◆ **EXERCISE DETAILS**
Restate the lines of the material below word for word, from the first through the one containing "Obraz premium Beautiful", and include nothing else; pictures stay out.

◆ **COLLECTED MATERIAL**
......

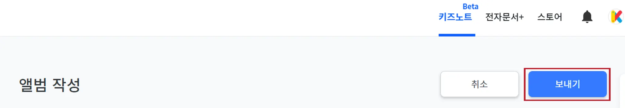 앨범 작성이 완료되었다면 보내기를 선택해주세요. 보내기를 누르면 앨범이 즉시 발송됩니다.
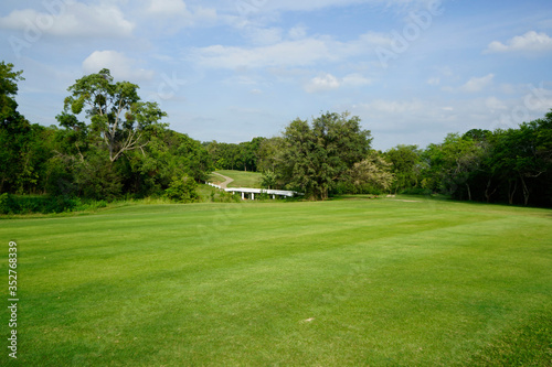 Obraz premium Beautiful golf course in a sunny day. Background evening golf course has...
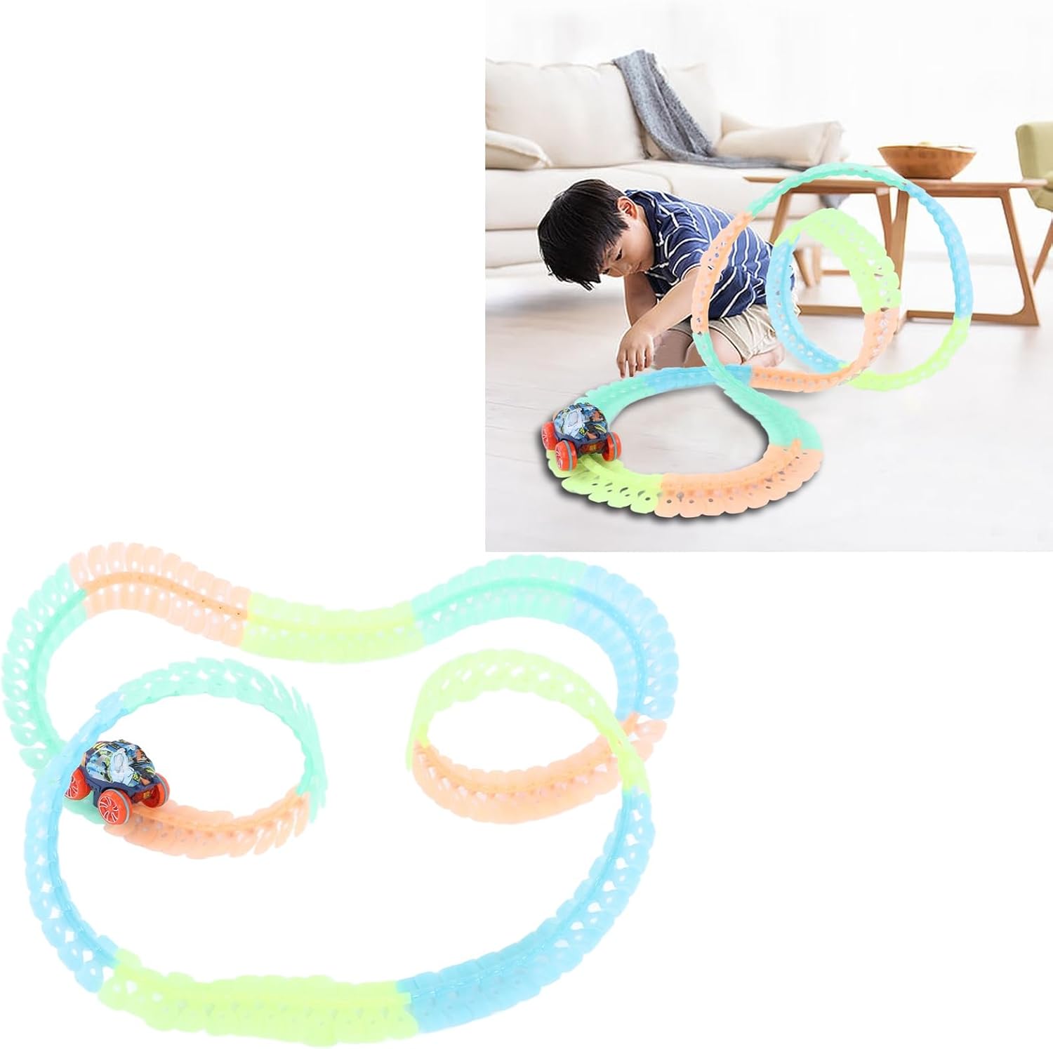 FACILE DA ASSEMBLARE: il set di piste per auto da corsa può essere montato e smontato rapidamente. Basta agganciare i pezzi della pista e creare una pista da corsa completamente personalizzata. GLOW IN THE DARK: il set di piste per auto da corsa è progettato con caratteristiche che si illuminano al buio, aggiungendo un ulteriore livello di eccitazione e divertimento al gioco notturno. PISTE CAMBIABILI: il set di piste per auto da corsa presenta una pista flessibile e modificabile che può essere facilmente piegata, attorcigliata e curvata in diverse forme. SICURO E DUREVOLE: il set di piste per auto da corsa è sicuro e durevole per far giocare i bambini. I bordi e le parti del binario sono stati accuratamente lucidati per garantire un tocco lucido. EDUCATIVO E INTERATTIVO: il set di piste per auto da corsa incoraggia i bambini a usare la loro immaginazione e creatività durante l'assemblaggio delle piste, il che può anche promuovere il gioco interattivo.

......

◆ **REPLY**
 앨범 작성이 완료되었다면 보내기를 선택해주세요. 보내기를 누르면 앨범이 즉시 발송됩니다.
 Obraz premium Beautiful golf course in a sunny day. Background evening golf course has...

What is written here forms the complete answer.